Auggie wrote on Jan 3
rd, 2020 at 4:58pm:
You often hear the Right talk about the high taxes in Scandinavia as being 60% of one's income or half a person's income.
But, the problem is the way these people look at taxes.
What we should look at is the effective tax rate, not marginal tax rates as the Right does. The effective tax rate is a person's total tax per year divided by the gross income.
According to Wikipedia, a Swedish person earning $60k per year has an effective tax rate of 31%. This means that only 31c of each $ is paid is tax.
Far cry from the 'half of one's income' isn't?
In Australia, the effective tax rate of a person on $60k is about 20c on the dollar. But if you add in private health insurance premiums, then it's about 25c on the dollar (after all, Private Health Insurance premiums are simply a form of private taxes).
Many libertarians argue that a person should pay no more than 20c on the dollar in tax, which is precisely what Australians pay. Scando citizens pay 30c on the dollar but receives more social benefits than we do - they get fully subsidised (not free) university education, free-at-the-point of service healthcare, and generous maternity leave.
For an extra 10c on the dollar, wouldn't it be worth getting all those extra benefits, and perhaps even increasing Newstart allowance too?

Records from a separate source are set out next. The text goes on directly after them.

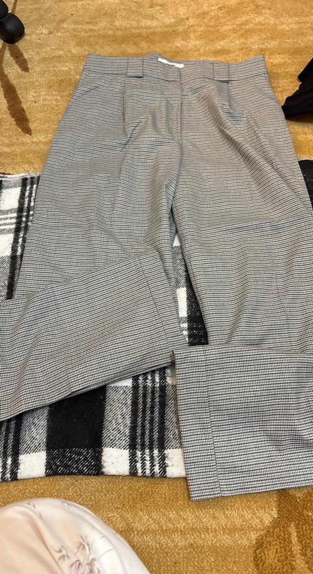 Gri pilili kadın kumaş pantolon, normal boy ve regular fit. Ofis ve günlük sokak stiline uygun, sentetik kumaştan yapılmıştır. Hiç giymedim sadece etiketi yok
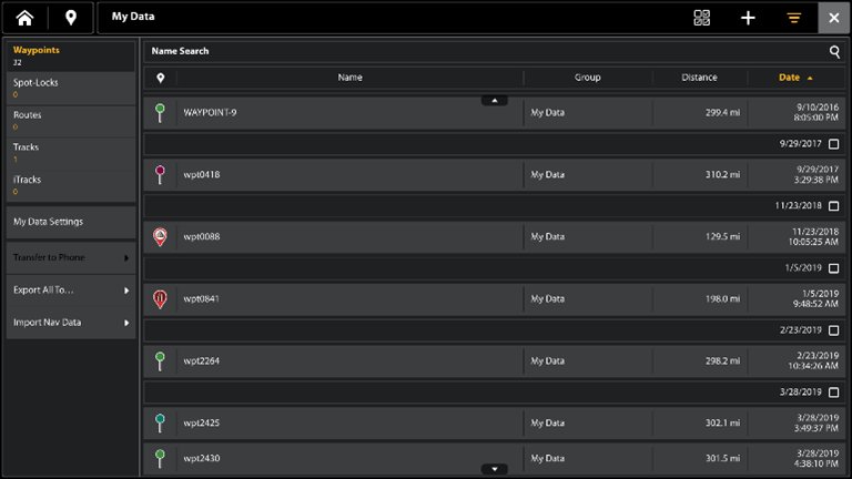 - Export or transfer specific waypoints, routes, and tracks to uniquely named GPX files on the One Boat Network App using the "select multiple" feature from the My Data tool.
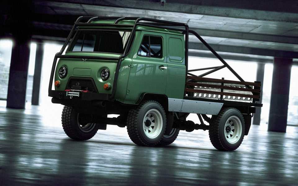 - Платформа из досок и 2-местная кабина являются классической «визиткой» Уаз 330394;
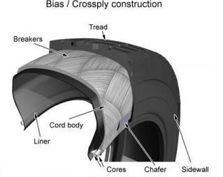 Sometimes bias tires have breakers, which are similar to belts except that breakers have the same angle as the body plies. Breakers are usually the same fabric as the body plies, but occasionally other materials are used, such as steel wire. For the purposes of this article, the comparison will be to bias tires without breakers.
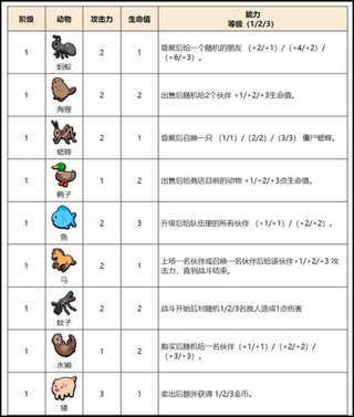 Super Auto Pets(小动物自走棋)随从图鉴介绍
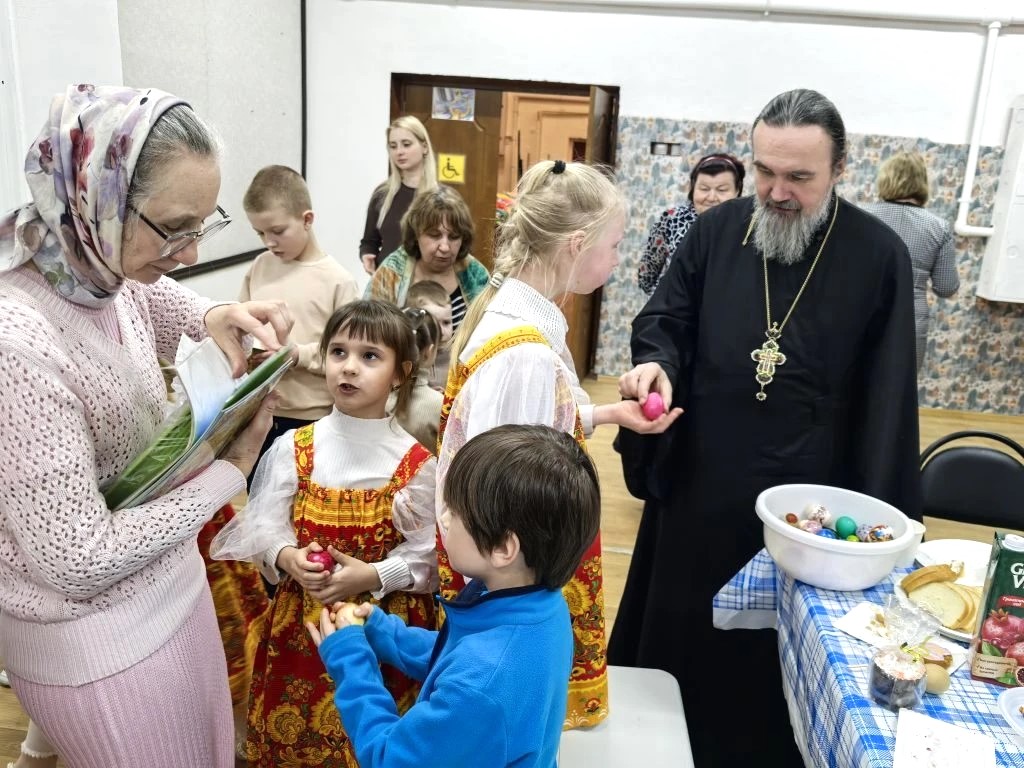 Настоятель протоиерей Александр Хмылов обратился к собравшимся с проповедью о Пасхе. За богослужением церковные песнопения исполнял хор воспитанников воскресной школы прихода. Затем ребята на колокольне учились звонить пасхальным чином. Далее в доме культуры села Акатьево состоялся пасхальный концерт воскресной школы. Для дтей были устроены традиционные пасхальные игры с угощениями.
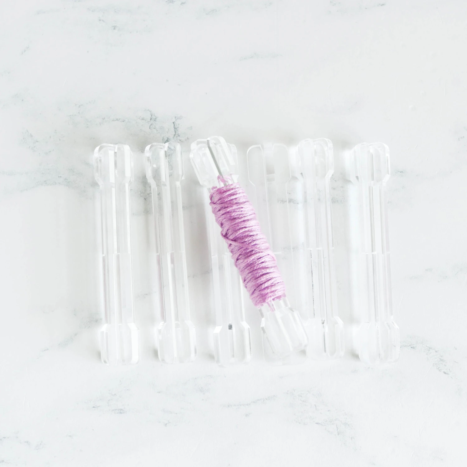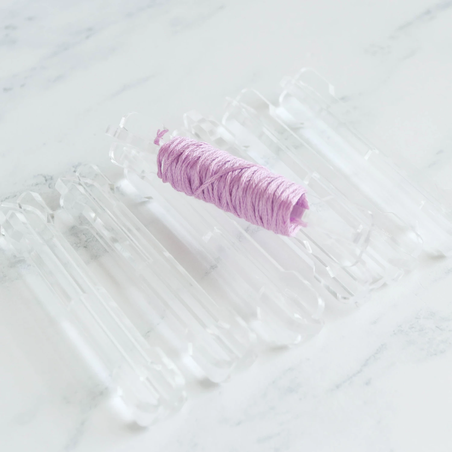 These acrylic bobbin pegs are a great organizational solution for thread and floss. Particularly useful for pearl cotton and threads that come in twisted skeins, these bobbin pegs let you store thread without kinks, and it’s super easy to unwind just the length you need. The loose end can be secured at either end of the bobbin.
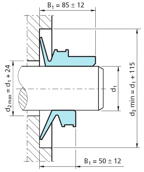 VRM形水封的尺寸經(jīng)??梢詮囊唤M直徑范圍內(nèi)選取,如軸的公稱直徑是處于兩組推薦值的邊界范圍外,則應(yīng)選用下一組較大的VRM形水封。
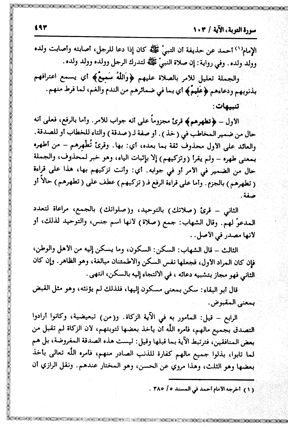 الأول- تُطَهِّرُهُمْ قرئ مجزوما على أنه جواب للأمر. وأما بالرفع، فعلى أنه حال من ضمير المخاطب في (خذ) . أو صفة ل (صدقة) والتاء للخطاب أو للصدقة.
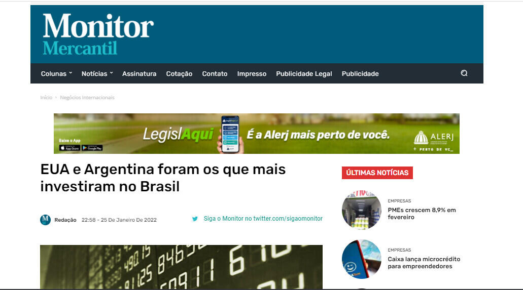 Em janeiro de 2022, as empresas brasileiras escolheram os Estados Unidos como seu principal destino de investimento, com três transações e um total de BRL 22,83m, seguido por Israel e Reino Unido, registrando uma operação cada. Os Estados Unidos e a Argentina, com 27 e seis transações, respectivamente, são os países que mais investiram no Brasil.
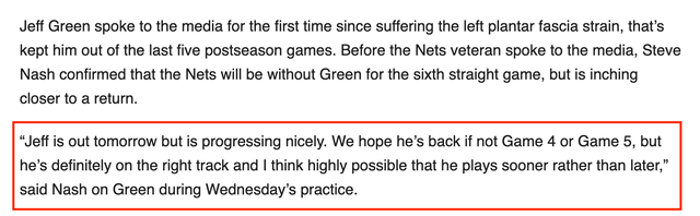 “杰夫-格林明天无法出战,但他进展顺利。我们希望他能在第4场或是第5场比赛中复出,但他绝对身处正确的轨道上,我认为他很可能早日上场”纳什说道。
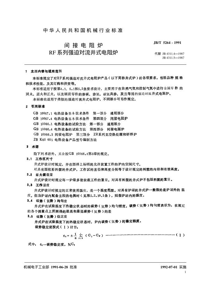 JB/T 5264-1991 间接电阻炉 RF系列强迫对流井式电阻炉
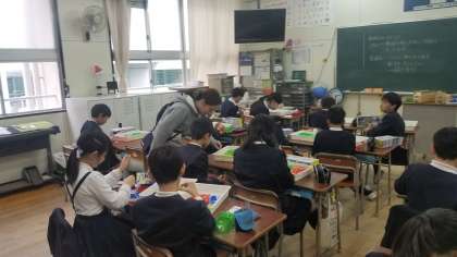 1組は、理科で電気と磁石の学習キッドを使って学習していました。2組は図工です。色のついた針金で創作活動です。
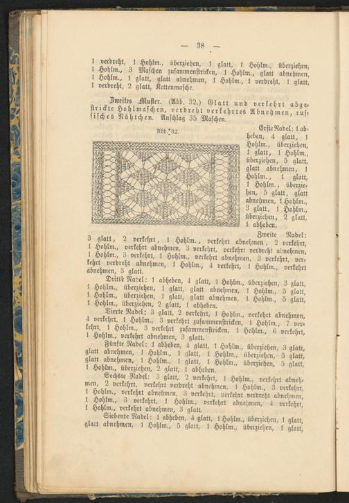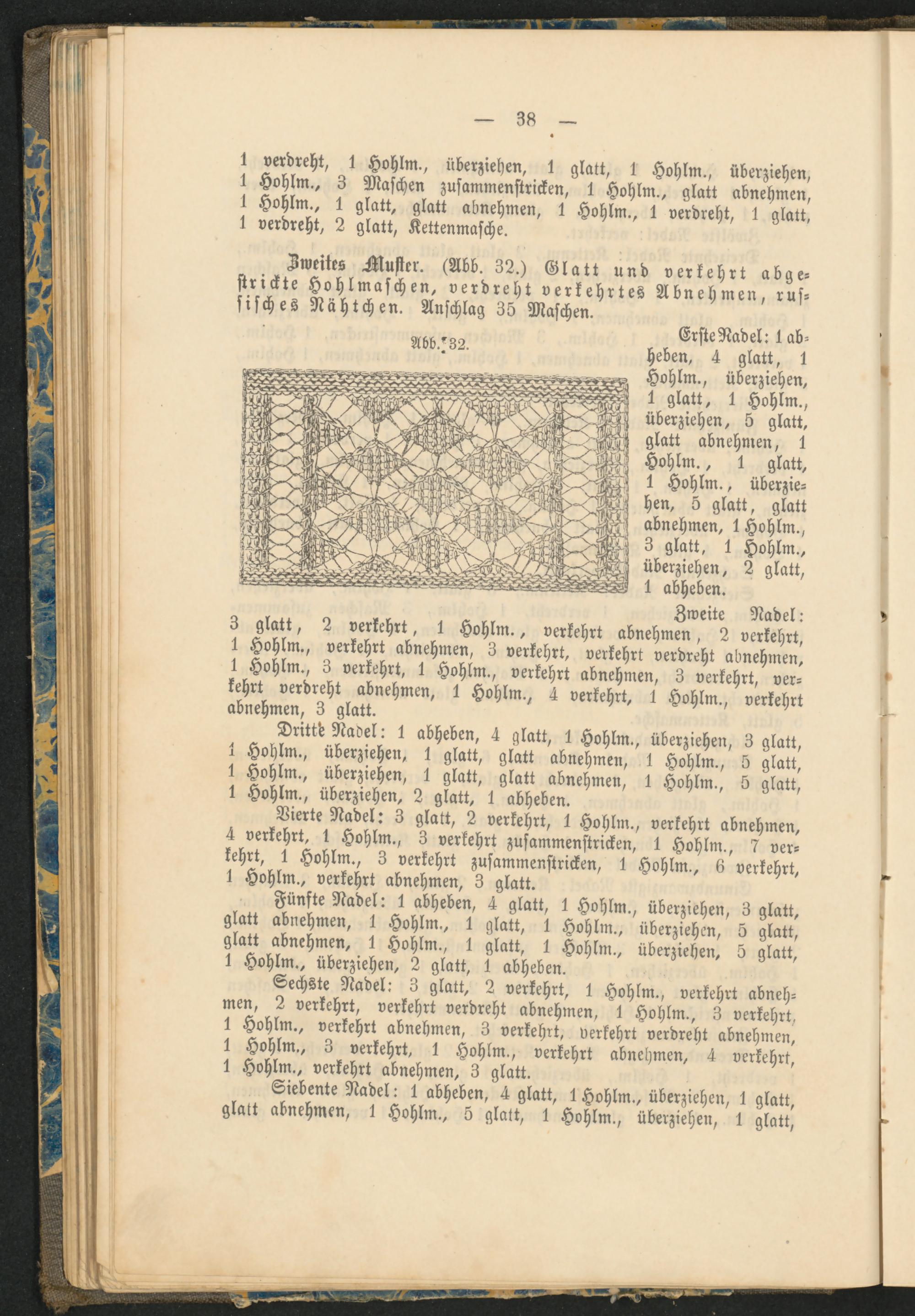 Iivnles Muster. (Abb. 32.) Glatt und verkehrt abgestrickte Hohlmaschen, verdreht verkehrtes Abnehmen, russisches Nähtchen. Anschlag 35 Maschen.

Also worth mentioning, although i'm unsure of which particular countries to which this applies, but in some Scando nations, there is no private schooling. Public schools require no competition.
And it's all free.
And generally, the outcomes in Scandinavian countries are better for their citizens. Lower crime, recidivism, suicide rates, substance dependency, homelessness, etc and they live longer, happier lives.
Even though, go figure, there's loads of smokers.